Broglin-Peterson told me her quick answer to my question is that EVs likely wouldn’t be hit quite as hard by tariffs as conventional cars. But she emphasized that they will still see an impact, and she wasn’t sure of the extent to which other Trump administration policies would undermine any tariff-related advantages. “The EV picture right now has become a lot more murky, obviously, since President Trump was elected,” she told me. “I do think the traditional automakers are more heavily leveraged, though, on their internal combustion engine supply chains.”

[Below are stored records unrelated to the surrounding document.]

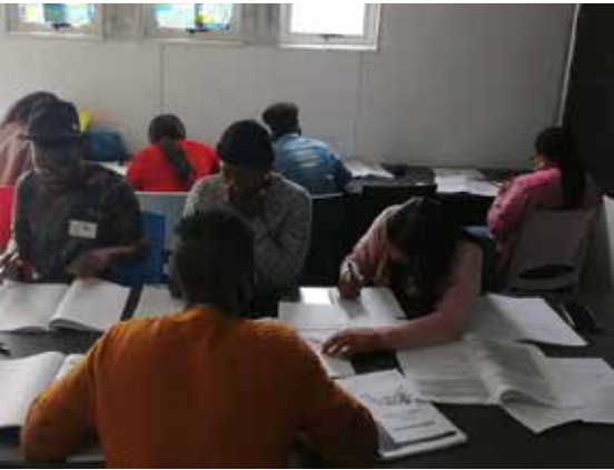
Some of the youth that is part of the EPWP and George Municipality Youth Peer Educator programme during their mobile literacy training at the George Youth Café.

Another 60 EPWP workers received non-accredited food garden training from the Department of Agriculture in November 2020. The topics included food safety, agriculture marketing, soil preparation and plant nutrition. The training took place at the George Municipality Worker's Collection Point(Industrial Road, next to Coca Cola and Tekkie Town)and Rosemoor and Thembaletu Civic Centres. The training also included Covid-19 protocol in the workplace as well as basic computer training.
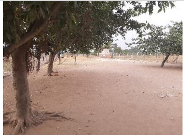
Figure 14: Fencing at Andelizu Market
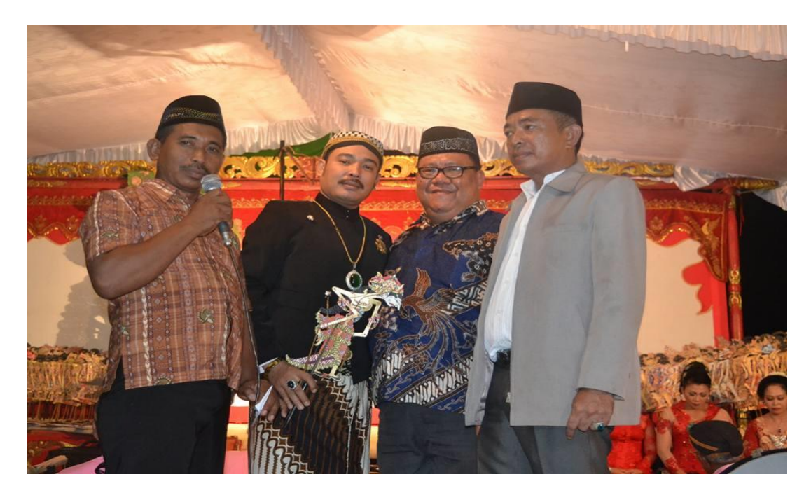
Figure 2 The Lampungese candidate for regent, posing beside Javanese shadow puppets during his political campaign<sup>65</sup>

campaigns and the holding of cultural and Javanese shadow puppet events are just some of the ways by which the Lampungese elite can stay close to the majority Javanese voters. One Lampungese candidate pointedly remarked, "You are asking me why I am speaking in Javanese and using a [Javanese] cultural approach? Indeed, this is based on the reality that they are in the majority and, politically, I want to win their hearts" (see Error! Reference source not found. ).<sup>64</sup> It can thus be presumed that the application of Javanese culture is another pragmatic strategy deployed by the Lampungese elite to obtain the sympathy of Javanese voters.
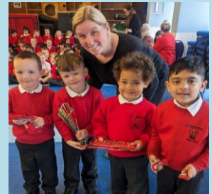
EYFS & KS1 Attendance winners: Reception Green 97%

Wall agreed that EVs were somewhat less exposed, but he said it really depends on which internal combustion engine vehicle you’re comparing them to. Some engines are assembled in the U.S. and have more U.S.-manufactured components than others. Battery makers are still vulnerable, as the processing of the critical minerals that go into EV batteries is currently heavily concentrated in China, which will also be hit by 10% tariffs on top of existing tariffs on Chinese goods. When you take into account the president’s plans to end the electric vehicle tax credit and leasing option, which can shave up to $7,500 off a car’s sticker price, EVs could still end up less competitive than before Trump took office, Wall said.
Some electric vehicle producers will be hit harder than others. Tesla, for instance, has one of the lowest exposures to non-U.S. content, according to data collected by the Department of Transportation. But some 20% to 25% of Tesla components come from Mexico.
“There’s a lot of uncertainty around tariffs,” Vaibhav Taneja, Tesla's chief financial officer, said during an earnings call last week. “Over the years, we’ve tried to localize our supply chain in every market, but we are still reliant on parts from across the world for all our businesses.” The company’s stock price dropped 5% on Monday, though that may be partly because the company also lost market share in Europe.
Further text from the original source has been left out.